Mortgage rates moved sideways today, taking them one step closer to officially claiming the title of "3 year lows."  Tomorrow marks the three year anniversary of the Wall Street Journal article that began the early days of the 'taper tantrum'--the jarring move higher in rates that resulted from markets coming to terms with the end of the Fed's asset purchases.  

While rates aren't as low today as they had been before the taper tantrum, the current rate environment is excellent in its own right.  Apart from being fairly close to the all-time lows seen in 2012-2013, today's low rates exist without any Fed asset purchases and without any risk that the Fed will surprise the world with a shift toward stricter monetary policy.  In fact, if there's any risk for financial markets, it's that the Fed will continue to back away from their rate-hike campaign that began with the first and only hike in nearly a decade this past December.  

Most lenders are right in line with rates seen on Friday.  The most prevalent conventional 30yr fixed quote continues hovering around 3.625% with more than a few lenders already back down to 3.5%. 


Loan Originator Perspective

"A quiet, sideways day with a shade of green today. I’ll take it. From here I’d think we drift sideways also. Rates are strong right now.
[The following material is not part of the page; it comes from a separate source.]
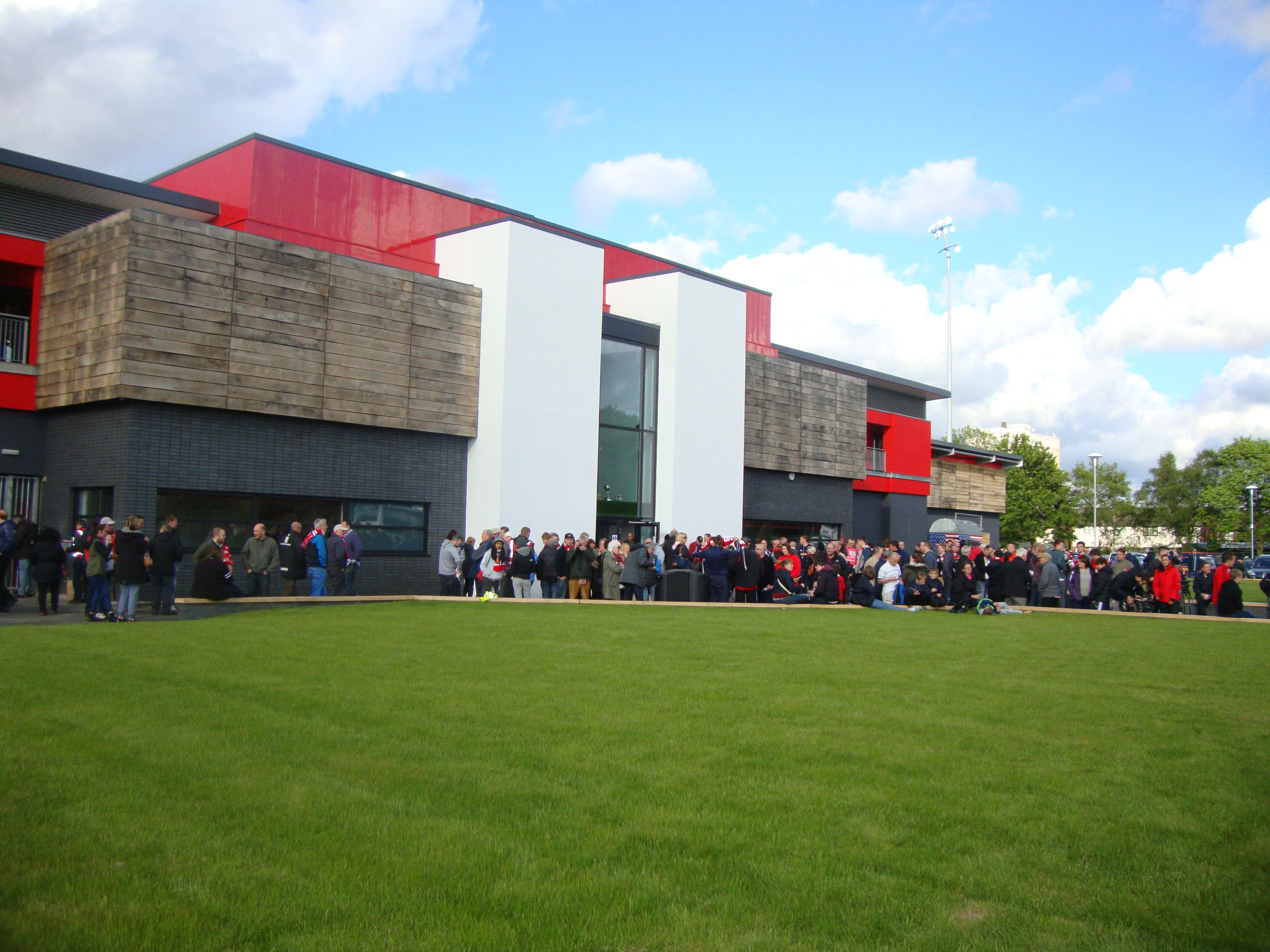 Broadhurst Park main emtry (opening ceremony, May 29, 2015)

If you’re closing within 30 days locking makes a lot of sense here, IMO." -Jeff Anderson, Loan Officer, Salem Five Mortgage, LLC

"Pricing improved, slightly, AGAIN today, as oil slid back.  There wasn't any particular economic data moving the markets, and gains under these circumstances mean more, to me, than those with obvious motivation.  I am not locking anything further than 30 days from closing, and borrowers with some risk tolerance who are 20 days+ out may still consider floating.  Trend is our friend, the only question is for how much longer." -Ted Rood, Senior Originator


Today's Best-Execution Rates

  • 30YR FIXED - 3.625%
  • FHA/VA - 3.25%-3.5%
  • 15 YEAR FIXED - 3.00%
  • 5 YEAR ARMS -  2.75 - 3.25% depending on the lender


Ongoing Lock/Float Considerations

  • The Fed finally hiked on December 16th, causing fears of rising rates in 2016, but markets began the new year with rates moving surprisingly lower.  Major losses in stocks and oil prices were part of the same trend of investors moving away from risk.
  • After bottoming out fairly close to all-time lows in February, rates have seen only brief episodes of volatility in a low, narrow range.  

  • The Fed's most recent announcement at the end of April reinforced their cautious approach to rate hikes.  The last time that happened, stocks cheered, but this time they've been moving lower.  Bond markets like that, and they'll continue to like it until stocks prove they can break back above 2015 highs.
     
  • Even though the broader backdrop has taken a positive turn for rates, there are still tactical opportunities to lock.  In general, we look for any prolonged moves lower (i.e. 10 days in a row without moving higher) or any major low-rate milestones (i.e. 3-year lows).
     
  • As always, please keep in mind that the rates discussed generally refer to what we've termed 'best-execution' (that is, the most frequently quoted, conforming, conventional 30yr fixed rate for top tier borrowers, based not only on the outright price, but also 'bang-for-the-buck.'  Generally speaking, our best-execution rate tends to connote no origination or discount points--though this can vary--and tends to predict Freddie Mac's weekly survey with high accuracy.  It's safe to assume that our best-ex rate is the more timely and accurate of the two due to Freddie's once-a-week polling method).